I appreciate the space that's being provided to me and to the centre today to have our voices heard and to speak for those who cannot. I'm here for them, for me and for all Canadians who value justice and equality. We're here in solidarity with the LGBT historians, and we fully support the points raised by Egale and Mr. Leckey.

Before I begin, I would like to acknowledge that these proceedings are taking place on unceded Algonquin territory.

As indicated by my colleagues today and last week, Bill C-75 is a wonderful opportunity for us to honour the apology made by the Prime Minister and address the continued criminalization of the LGBTQ2SIA community and the lack of bodily autonomy experienced by members of our community.

That said, before I make my critiques and recommendations, I would like to offer my commendation for the inclusion of the repeal of anal intercourse as a crime. This repeal is a step forward, and the change is long overdue. Thank you.

However, if we stop at this issue, this bill will become a lost opportunity for so many other overdue changes that would bring justice and equality to the LGBTQ2SIA community and all Canadians. We are everyone and we are everywhere.

The lack of repeal of the bawdy house law and vagrancy, nudity, immoral theatrical performance and indecent exhibition laws remains a serious point of contention between our community and the government. The apology delivered last year by the Prime Minister explicitly refers to the use of the bawdy house law to criminalize the LGBTQ2SIA community; however, no action has been taken on this issue.

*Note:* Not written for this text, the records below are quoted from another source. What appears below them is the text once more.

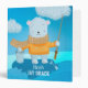 A cute blue and orange school binder for kids with an adorable cartoon polar bear back from a fishing trip .
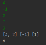위 출력 화면을 보게 되면 양수 리스트인 po 리스트에 양수인 3과 2가 내림차순으로 정렬되어 있는 것을 확인할 수 있고 음수, 0 리스트인 ne 리스트에 음수 -1이 있는 것을 확인할 수 있고 1 리스트인 one 리스트에 1이 있는 것을 확인할 수 있다. 따라서 양수 리스트를 묶어주면 6이 되고 음수, 0 리스트는 -1이 하나이기 때문에 묶을 필요가 없어 혼자 나오게 되고 one 리스트는 1을 결과값에 더해주면 된다. 따라서 식은 (-1)+1+(2*3) = 6 이 된다.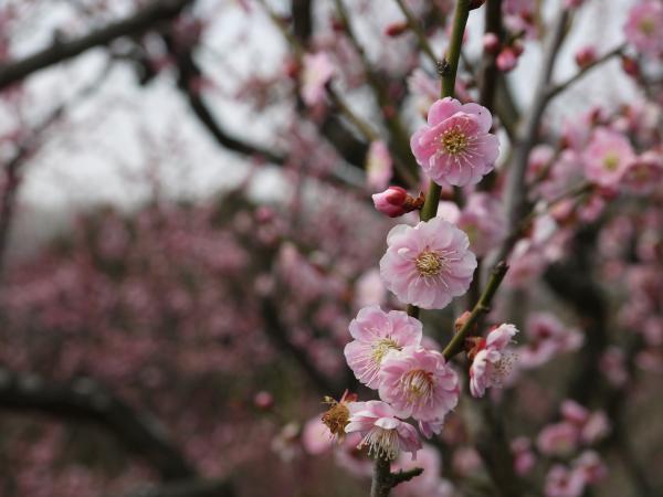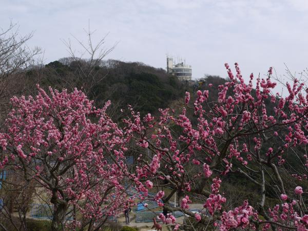 山上遊園の梅林は散りはじめ、紅白の見事な花も今年はこれで見納めの感です。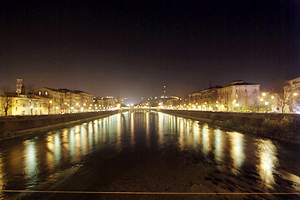 バス移動4時間でヴェローナ到着。昨夜のホテルよりも良い感じだ。夕食はラザニアとサーモン、ワインは1/2ボトルが4ユーロ。21時、夕食後ヴェローナ旧市街までレンタサイクルで出かける。レンタル料は4ユーロだ。街に観光客の姿はあまり見当たらない。ドロミテに源を発するアディージェ川がS字型に流れる。旧市街からピエトラ橋を渡ってローマ劇場に行くべきだったかもしれないが、何せ初めての街。ホテルに帰れるか心配だったためか一番遠い北の端はカット。アレーナとジュリエットの家さえ押さえられればそれで良しと心に決めてペダルを踏む。
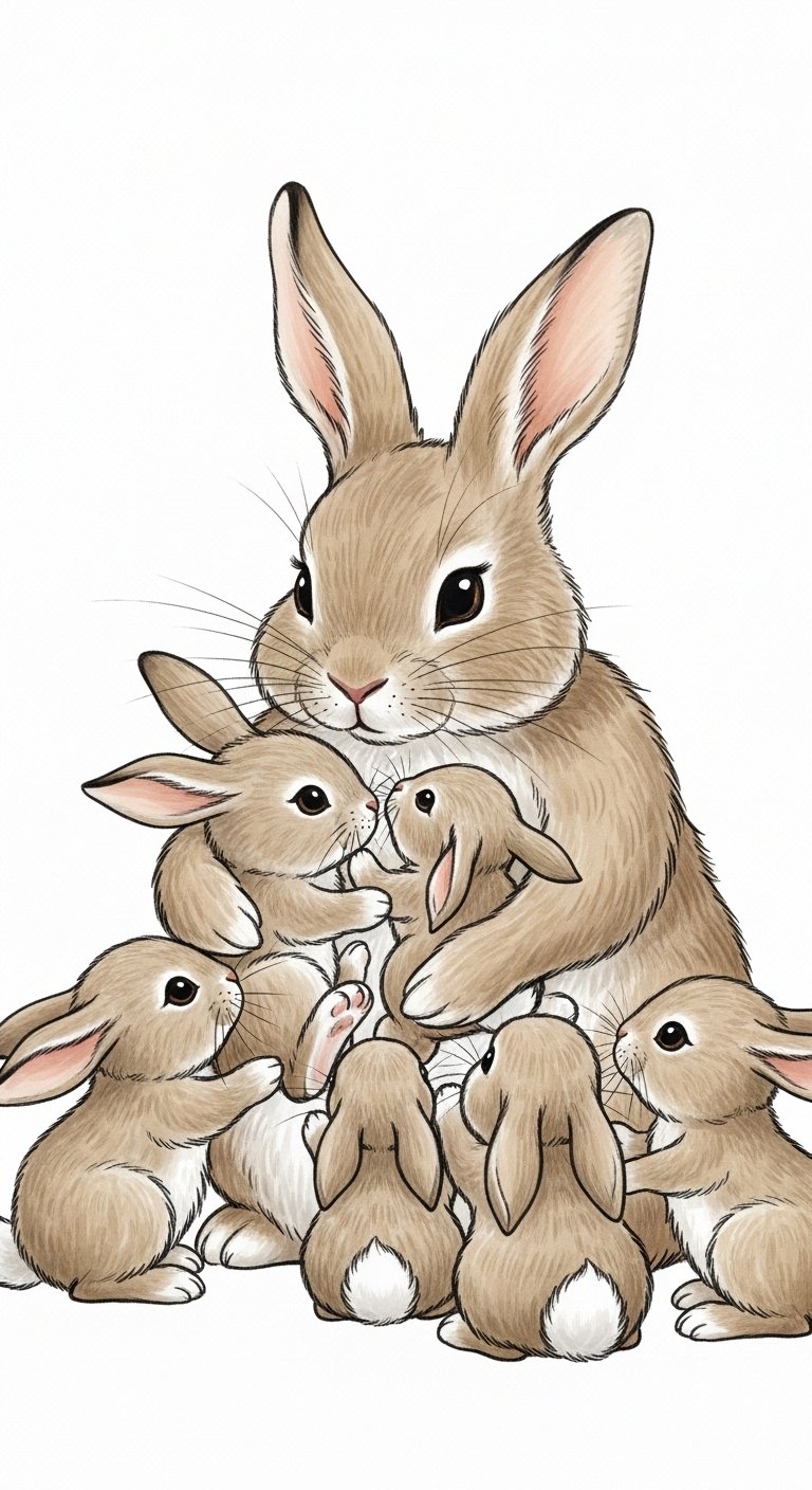 Imagine a sweet bunny cradling a heart, embodying bunny love. Heart symbols intertwine with delicate vines, creating a whimsical design that celebrates connection and warmth.

The effects of these laws continue to cause harm in our communities. The people who have been charged and convicted under them have lost their families, their loved ones and their careers. They live in precarious situations. Some have taken their lives. Those who are still with us cannot have the records erased until this law is repealed. They continue to live with the shame of such treatment, as some have for over 30 years. This state-caused harm has been acknowledged by the Prime Minister himself and yet continues to be put aside.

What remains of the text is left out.